PyEmits, a python package for easy manipulation in time-series data. Time-series data is very common in real life.

  • Engineering
  • FSI industry (Financial Services Industry)
  • FMCG (Fast Moving Consumer Good)

Data scientist's work consists of:

  • forecasting
  • prediction/simulation
  • data prepration
  • cleansing
  • anomaly detection
  • descriptive data analysis/exploratory data analysis

each new business unit shall build the following wheels again and again

  1. data pipeline
    1. extraction
    2. transformation
      1. cleansing
      2. feature engineering
      3. remove outliers
      4. AI landing for prediction, forecasting
    3. write it back to database
  2. ml framework
    1. multiple model training
    2. multiple model prediction
    3. kfold validation
    4. anomaly detection
    5. forecasting
    6. deep learning model in easy way
    7. ensemble modelling
  3. exploratory data analysis
    1. descriptive data analysis
    2. ...

That's why I create this project, also for fun. haha

This project is under active development, free to use (Apache 2.0) I am happy to see anyone can contribute for more advancement on features

Install

pip install pyemits

Features highlight

  1. Easy training
import numpy as np

from pyemits.core.ml.regression.trainer import RegTrainer, RegressionDataModel

X = np.random.randint(1, 100, size=(1000, 10))
y = np.random.randint(1, 100, size=(1000, 1))

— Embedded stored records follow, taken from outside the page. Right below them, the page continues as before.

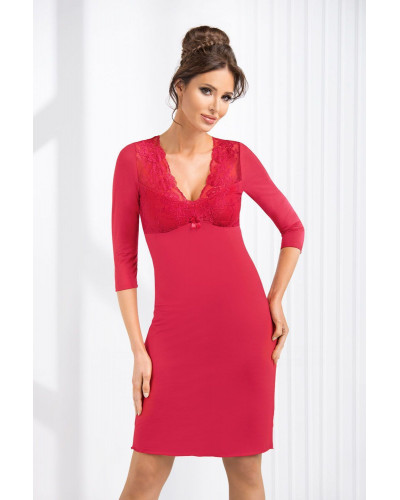 Cорочка Simone II красного цвета с рукавом 3/4, выполнена из мягкой гладкой вискозы. Верх сорочки декорирован эффектным кружевом. Сорочка упакована в красивую плотную коробку.
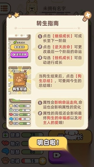 3、游戏提供多种狗狗品种选择,不同品种会影响初始属性和发展方向。
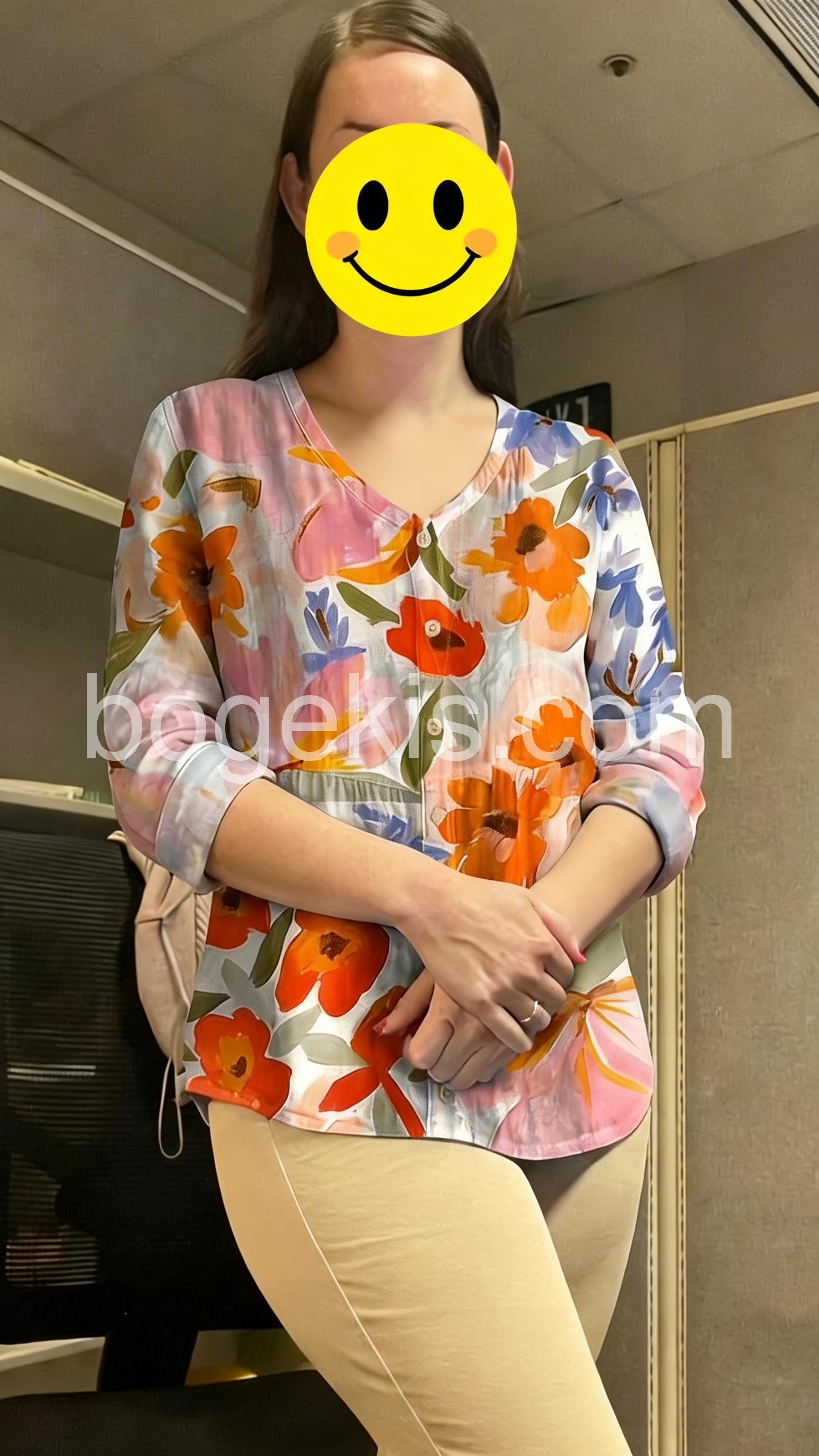 This long-sleeve blouse features a vibrant watercolor floral print in soft pinks, oranges, and blues. The V-neck and button-down front add a classic touch. Lightweight fabric perfect for spring and summer. Pair with jeans or skirts for a fresh, casual look. Effortlessly stylish and comfortable.

raw_data_model = RegressionDataModel(X, y)
trainer = RegTrainer(['XGBoost'], [None], raw_data_model)
trainer.fit()
  1. Accept neural network as model
import numpy as np

from pyemits.core.ml.regression.trainer import RegTrainer, RegressionDataModel
from pyemits.core.ml.regression.nn import KerasWrapper

X = np.random.randint(1, 100, size=(1000, 10, 10))
y = np.random.randint(1, 100, size=(1000, 4))

keras_lstm_model = KerasWrapper.from_simple_lstm_model((10, 10), 4)
raw_data_model = RegressionDataModel(X, y)
trainer = RegTrainer([keras_lstm_model], [None], raw_data_model)
trainer.fit()

also keep flexibility on customized model

import numpy as np

from pyemits.core.ml.regression.trainer import RegTrainer, RegressionDataModel
from pyemits.core.ml.regression.nn import KerasWrapper

X = np.random.randint(1, 100, size=(1000, 10, 10))
y = np.random.randint(1, 100, size=(1000, 4))

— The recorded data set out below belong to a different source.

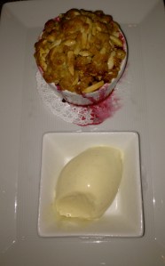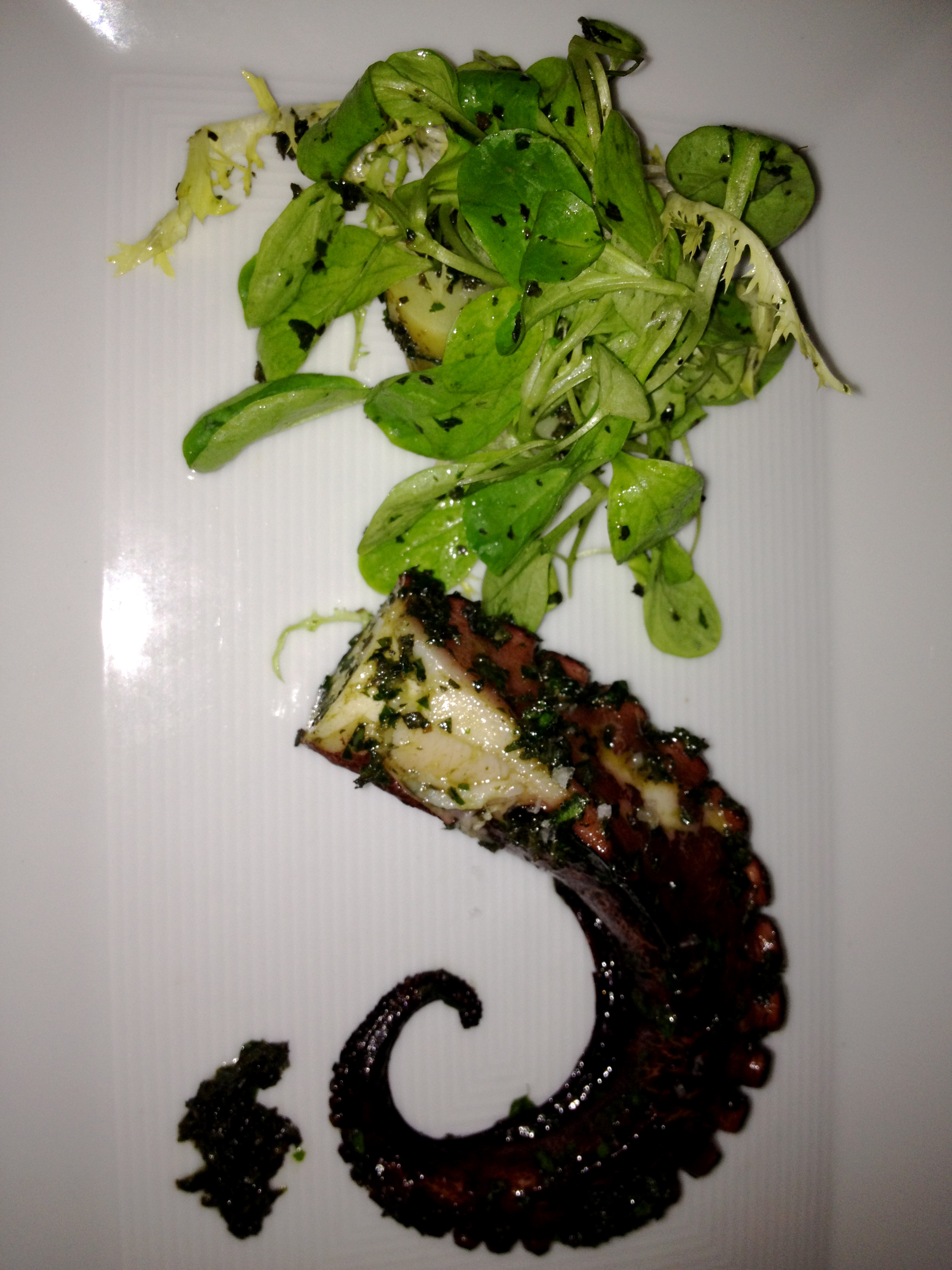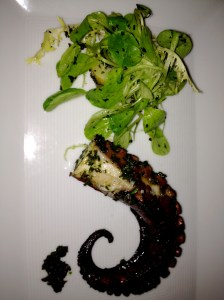 It was on one of those recent, unbearably hot days that I dined at Fulton on the Upper East Side. We braved the stifling heat, all sufficiently hungry but unable to get a table inside where it was busy and seemingly louder than the quieter outdoor tables, albeit a pleasant ambience and a casually elegant crowd. We had practically become one with the pavement, melting into the sidewalk and feeling the temperature rise every time a car drove by, but we tempered ourselves with sweating glasses of white wine and light dinner options. Our server was as knowledgeable as could be. He was friendly, upbeat, and extremely patient with all of our questions and abundance of indecisiveness. His pleasant, fun, eager attitude reminded me of Tyler Florence’s personality on ‘Tyler’s Ultimate.’ I couldn’t believe how stellar his performance was considering the fact that he was wearing dark blue jeans in the heat. The crab cake appetizer was decidedly the best crab cake I have ever eaten. It was moist and creamy, without the small bits of crab and pieces of pepper and panko separating from each other. Both the green salad and the arugula salad were impeccably fresh and appropriately sized. The grilled octopus, as seen in the photo, was perfectly cooked so that it was neither too chewy nor too fishy yet. It had that ‘grill’ flavor, that ‘grill’ smell. The whole branzino was also grilled to perfection, and I overheard other Fulton regulars choosing the same option, mentioning how often they frequent the restaurant and order this light, filling white fish. Even though the suffocating heat had not lifted by 10pm, we decided against a cool sorbet or homemade ice cream flavor and opted for the warm, mixed berry crumble with almond struesel and brown butter ice cream. I shamelessly monopolized the small ramekin, breaking the crisp, crumbly topping, scooping dripping, sweet, plump blueberries onto my spoon, and dipping it into the vanilla ice cream before shoveling the dollop into my mouth. Between the heat, the crumble, the fish, and the intermittent ice cubes, I had a feeling of fullness that could have only been cured with a walk up to Carnegie Hill and back (if only it weren’t so brutally hot). As if the service were not exceptional enough, we were each rewarded with adorable, complimentary cookies, presented in cellophane bags and tied with a ribbon. Beautiful presentations and fantastic fare, I highly recommend this refreshingly ‘downtown’ seafood restaurant on the upper east side.
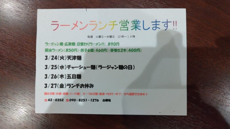 【しらかば苑】老舗中華料理屋さんのラーメンランチ|大館市桂城
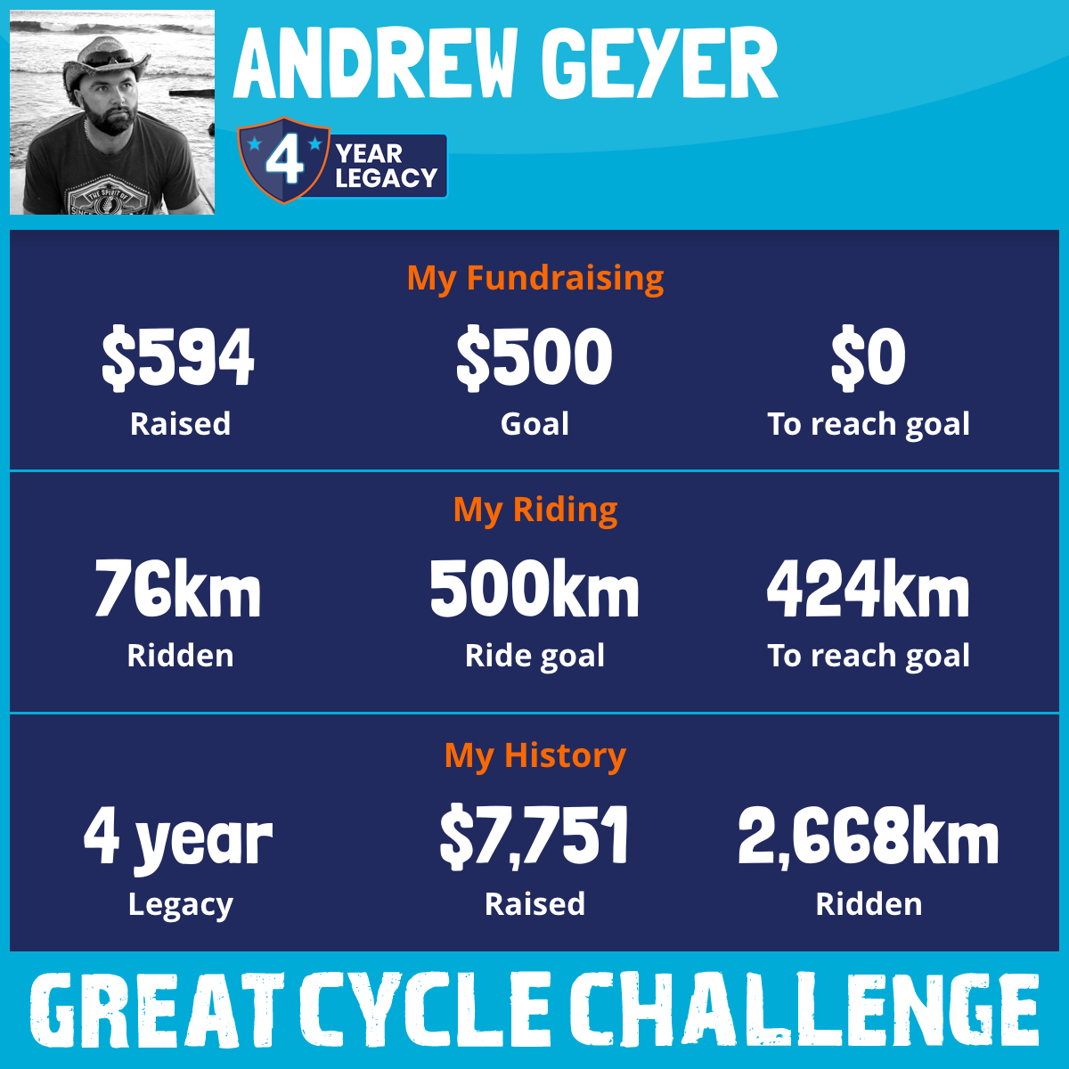 1,505 km Ridden$2,827 Raised2023
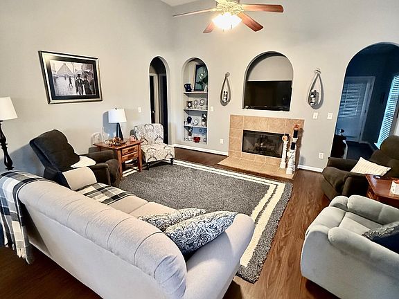 Spotless!!! Move In Ready ~ Open Floor Plan ~ High Ceilings ~ Wood Flooring ~ Nice Gas Log Fireplace with Built In Bookcase ~ Split Bedroom Design ~ Large Kitchen with an Abundance of Cabinets ~ Dining Area open to Kitchen & Great Room ~ Master Suite features Nice Trey Ceiling and Master Bath with Double Vanity/Separate Shower & Tub/Private Toilet Area ~ PRIVATE Rear Yard with Covered Porch and Patio ~ Privacy Fencing! Nice Area to watch the leaves this time of the year! Roof approx. 2 Years ~ Hot Water Heater installed in 2024 ~ HVAC recently serviced.
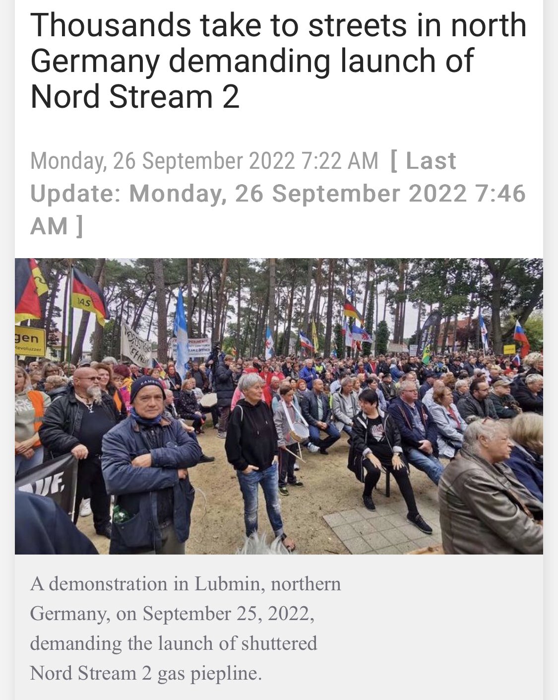 A szivárgást megelőzően a gázvezetéken keresztül történő áramlást csak az akadályozta, hogy Scholz német kancellár februárban az USA kérésére szabályozási blokkot helyezett el. A mai nap folyamán tüntetések törtek ki Németországban a vezeték megnyitását követelve. Az időzítés egyszerűen hihetetlen.

from keras.layers import Dense, Dropout, LSTM
from keras import Sequential

model = Sequential()
model.add(LSTM(128,
               activation='softmax',
               input_shape=(10, 10),
               ))
model.add(Dropout(0.1))
model.add(Dense(4))
model.compile(loss='mse', optimizer='adam', metrics=['mse'])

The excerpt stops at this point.